Industries to be rewarded for health and safety improvements

Changes to ACC work levies will mean that employers’ fees are cut – but only if they operate within an industry with improving OHS records.

Industries with improved health and safety records will pay less in ACC levies under changes announced yesterday.

However, reports suggest that some businesses could also see their costs increase.

According to The New Zealand Herald, ACC Minister Nikki Kaye confirmed that as of next year, residual levies will be removed from ACC's work and earners’ accounts.
These levies are paid by businesses and employees for injury cover funded by ACC.

The changes mean that industries which have significantly improved their health and safety record over the past 16 years will pay less.

“This is a significant milestone for the ACC scheme, which means we will now have fairer work levies based on industries with the greatest injury costs paying their true share of those costs,” Kaye explained.

The Accident Compensation (Financial Responsibility and Transparency) Amendment Bill was put before Parliament yesterday for its committee stage.

The legislation – which was put forward this year – will implement an overhauled framework for the setting of ACC levies, which will take effect in 2016/17.

It will see an increase in the Government’s involvement throughout the funding policy-setting process, which will guide ACC’s development of recommended levy rates.

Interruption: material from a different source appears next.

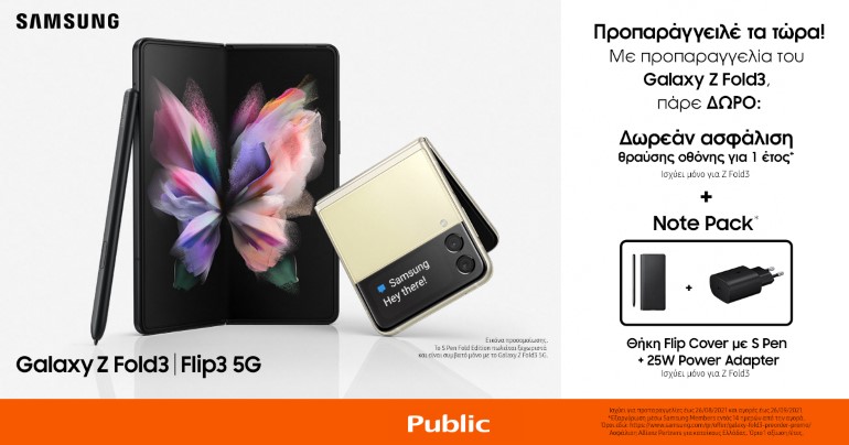 - Αν είσαι Samsung Member, με κάθε προπαραγγελία του Galaxy Z Fold3, απόκτησε δωρεάν ασφάλιση θραύσης οθόνης για 1 έτος αλλά και ένα χρήσιμο Note Pack, που περιλαμβάνει θήκη Flip Cover με S Pen & 25W Power Adapter.

According to Kaye, the changes are intended to reveal “at the outset what the rules of the game are”.

Residual levies were introduced in 1999, with businesses’ individual costs calculated based on the number of injuries that occurred in their industry during the years before the introduction.

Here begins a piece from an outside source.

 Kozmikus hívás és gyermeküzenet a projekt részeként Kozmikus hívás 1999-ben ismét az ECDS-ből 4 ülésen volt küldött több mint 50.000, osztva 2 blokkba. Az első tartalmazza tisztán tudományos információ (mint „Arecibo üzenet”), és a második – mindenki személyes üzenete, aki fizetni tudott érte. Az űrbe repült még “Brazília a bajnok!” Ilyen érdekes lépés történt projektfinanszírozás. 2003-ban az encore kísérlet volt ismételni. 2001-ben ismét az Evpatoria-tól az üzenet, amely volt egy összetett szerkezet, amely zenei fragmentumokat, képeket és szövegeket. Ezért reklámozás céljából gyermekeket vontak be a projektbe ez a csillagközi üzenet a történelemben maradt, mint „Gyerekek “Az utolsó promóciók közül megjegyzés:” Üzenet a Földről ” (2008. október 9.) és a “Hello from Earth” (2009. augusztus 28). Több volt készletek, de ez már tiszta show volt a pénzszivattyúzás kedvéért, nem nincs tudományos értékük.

The Government reportedly estimated that 53% of businesses will pay lower work levies, while 47% will pay more.

Proposed levy rates for next year will be released by ACC in coming months, and will include proposed levies for various industry groups.

“The ACC board has advised me they intend to propose significant average levy reductions next year, which could mean only 25% of businesses get a work levy increase,” Kaye said.

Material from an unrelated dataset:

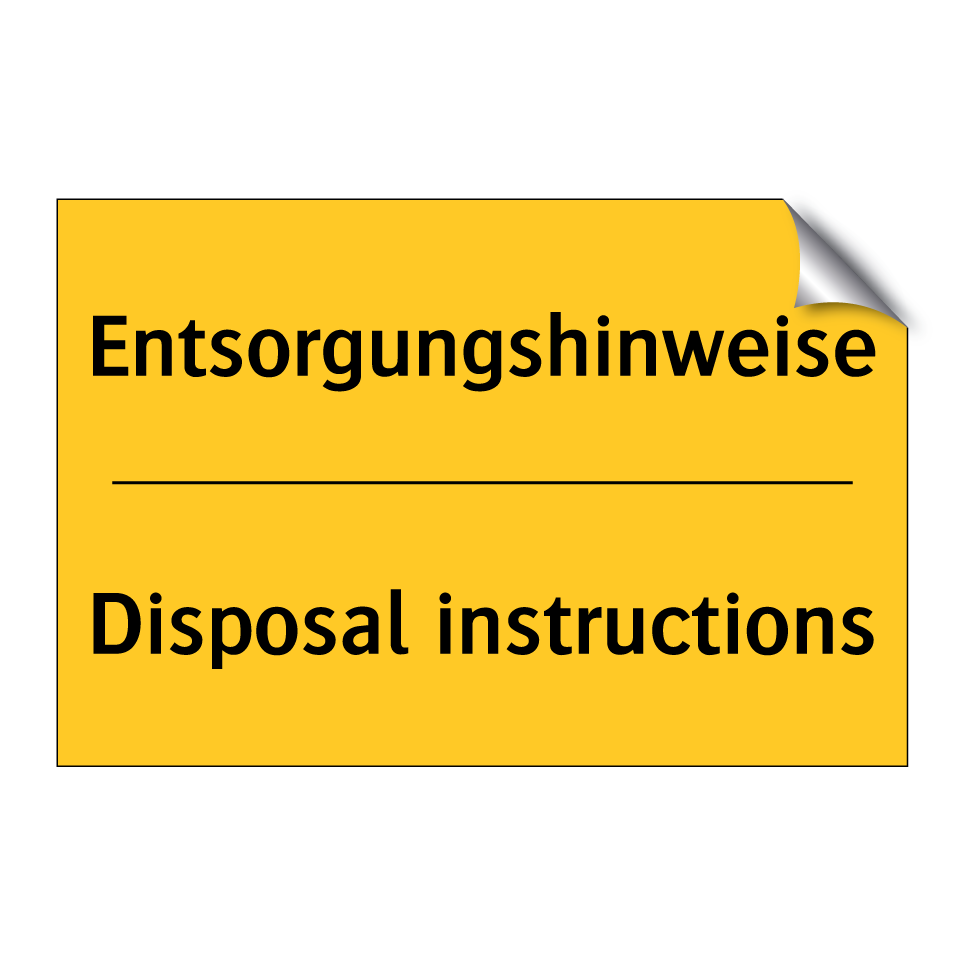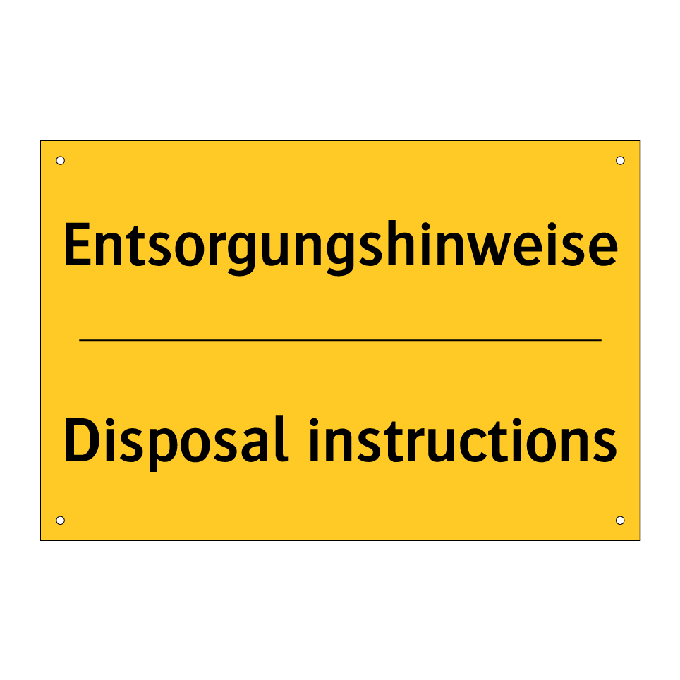 Zweisprachiges Warnschild mit deutschem Text Entsorgungshinweise und englischem Text Disposal instructions

“Residual levies were always going to be removed, once enough funds were collected to meet ongoing, pre-1999 claims.

“Residual levies were intended to be collected until 2019, so today's decision confirms the improved financial performance of the ACC scheme.”

However, the axing of the levies has been met with backlash from the Council of Trade Unions (CTU), which claims that their removal will damage workers.

Dr Bill Rosenberg, an economist for the CTU, told a Parliamentary select committee in July that the phasing out of residual levies required more consideration.

It was argued that the current scheme is failing to meet the needs of those suffering from occupational illness or injury, and that the removal of residual levies would exacerbate this.